As per a Business Insider report, the global voice assistant market is worth $33.47 billion and is expected to hit $104.37 billion by 2032. Ambient voice data is especially valuable: it reveals spontaneity, urgency, and intent better than typed queries.
Even when anonymised, data can be re-identified. A 2021 study published on Computing.UK showed 99.98% of anonymised datasets can be traced back with just a few cross-referenced data points.
Legal protections vary. GDPR offers consent-based safeguards in the EU, but in the U.S., laws lag behind. No federal regulation fully addresses passive voice data collection.
The microphones are live. And yes, you have likely opted into the terms to agree to this. But what about the people who come over to your house for dinner? Have they agreed to be listened to by your tech? This is one of the biggest issues when it comes to tech ethical concerns. It isn’t possible to distinguish who’s being listened to.
The Myth of Ethical Objectivity in Data
Data isn’t neutral; it’s curated.

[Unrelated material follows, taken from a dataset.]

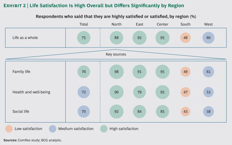 Seventy-five percent of the sample reported satisfaction with life. In terms of specific aspects of life, respondents said that they are most satisfied with family life (76 percent are satisfied or highly satisfied), followed by health and well-being (72 percent), and social life (70 percent). (See Exhibit 2.)

As Nietzsche said, “There are no facts, only interpretations.” Every dataset reflects choices: what’s included, what’s ignored, and whose perspective drives the selection. These choices shape systems that feel objective but aren’t.
In the U.S., a 2016 ProPublica study found that a commercial crime risk algorithm was nearly twice as likely to falsely label Black defendants as high-risk compared to white ones. The model wasn’t broken; it was trained on biased historical data. That’s not just technical oversight. It’s systemic replication.
Roughly 85% of AI research datasets come from North America and Western Europe. This skews global AI development toward Western norms, values, and social assumptions. It’s a subtle but powerful form of digital colonisation, biased by omission.
Ethical data work demands more than fairness checklists. It means interrogating data provenance, purpose, and power. Ignoring context doesn’t neutralise bias, it just hides it. Objectivity, in practice, often becomes the aesthetic of a dominant worldview.
Striving for Ethical Data Use in a Complex Reality
Perfect systems don’t exist. But better ones do. Companies can take steps to improve how they handle data. That includes regular checks for bias. Clear consent forms. Faster response times for data requests. Local teams to shape local solutions. Stronger rights for users to delete or move their data, and partnering up with Enablis to build a secure environment to ensure effective and secure usage of data and AI in your business.
None of this is easy. But it is necessary. Because every step towards transparency is a step towards trust and the resolution of current ethical issues in information technology today.